▶ [Your objective]:
The listing below must be returned in full and unchanged, without the images it carries.

▶ [Provided data]:
>>>

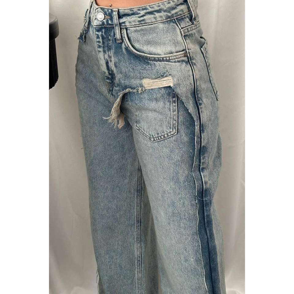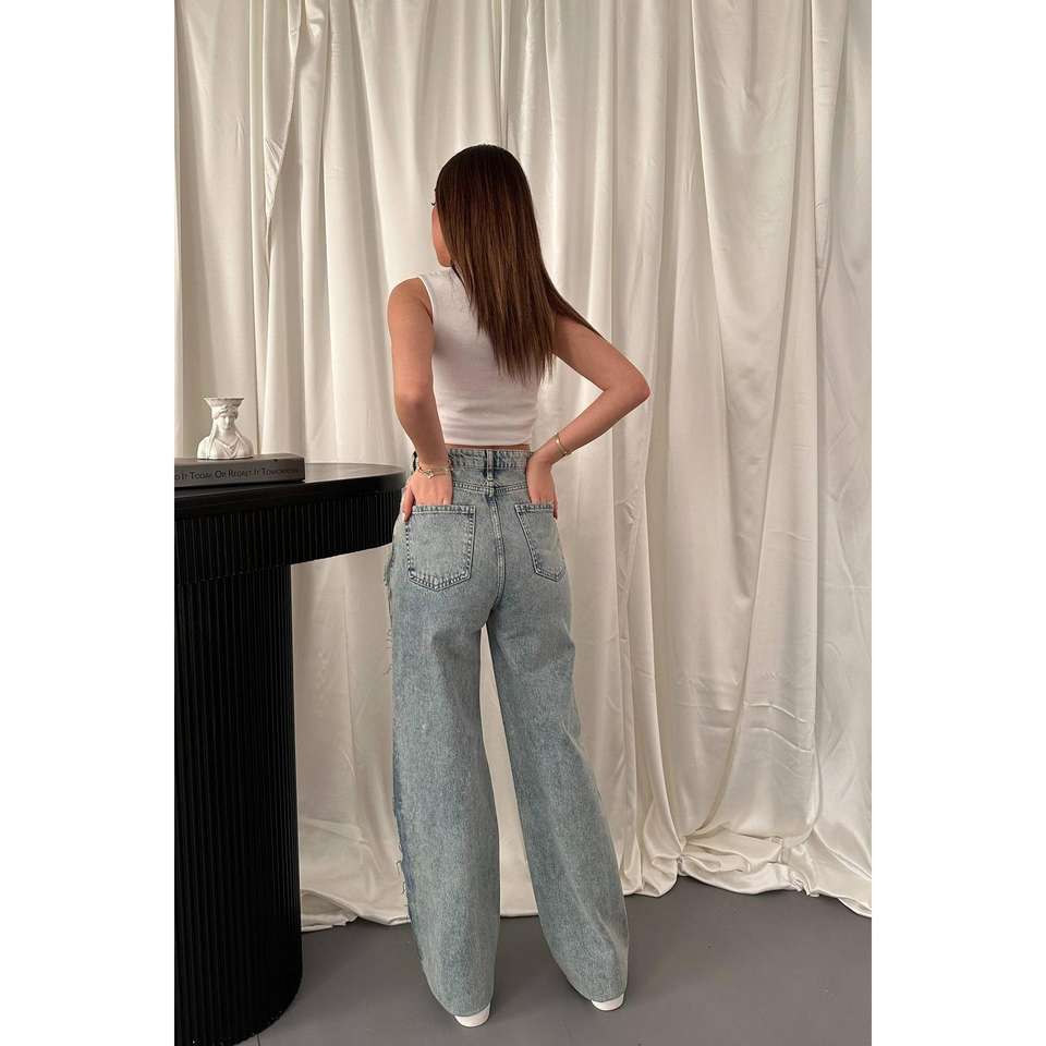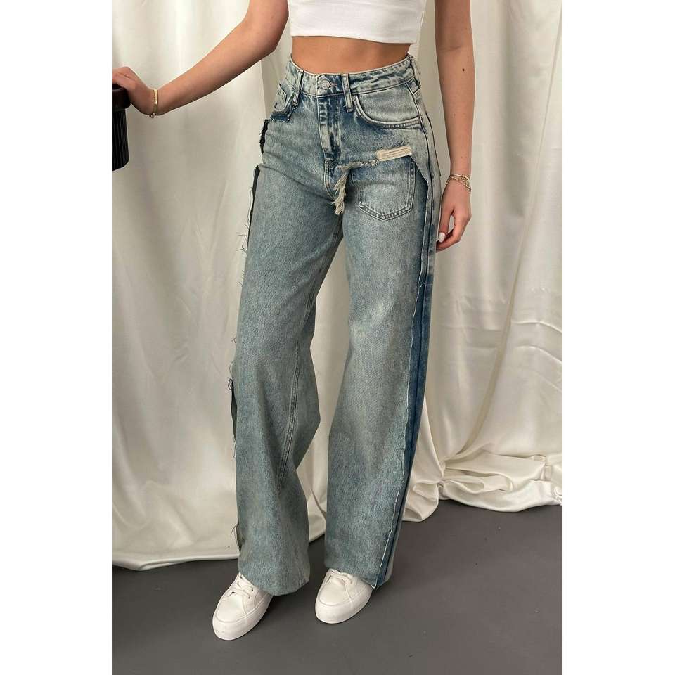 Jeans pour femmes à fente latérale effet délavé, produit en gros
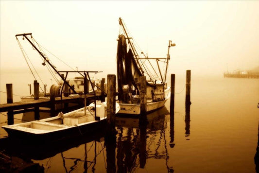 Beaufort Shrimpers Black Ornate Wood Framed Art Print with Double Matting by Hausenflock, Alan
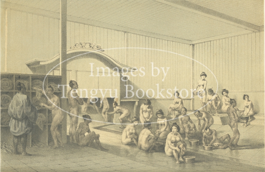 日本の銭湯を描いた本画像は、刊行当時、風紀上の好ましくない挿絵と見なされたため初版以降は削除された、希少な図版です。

<<<

▶ [Response to this exercise]:
 Jeans pour femmes à fente latérale effet délavé, produit en gros
 Beaufort Shrimpers Black Ornate Wood Framed Art Print with Double Matting by Hausenflock, Alan
 日本の銭湯を描いた本画像は、刊行当時、風紀上の好ましくない挿絵と見なされたため初版以降は削除された、希少な図版です。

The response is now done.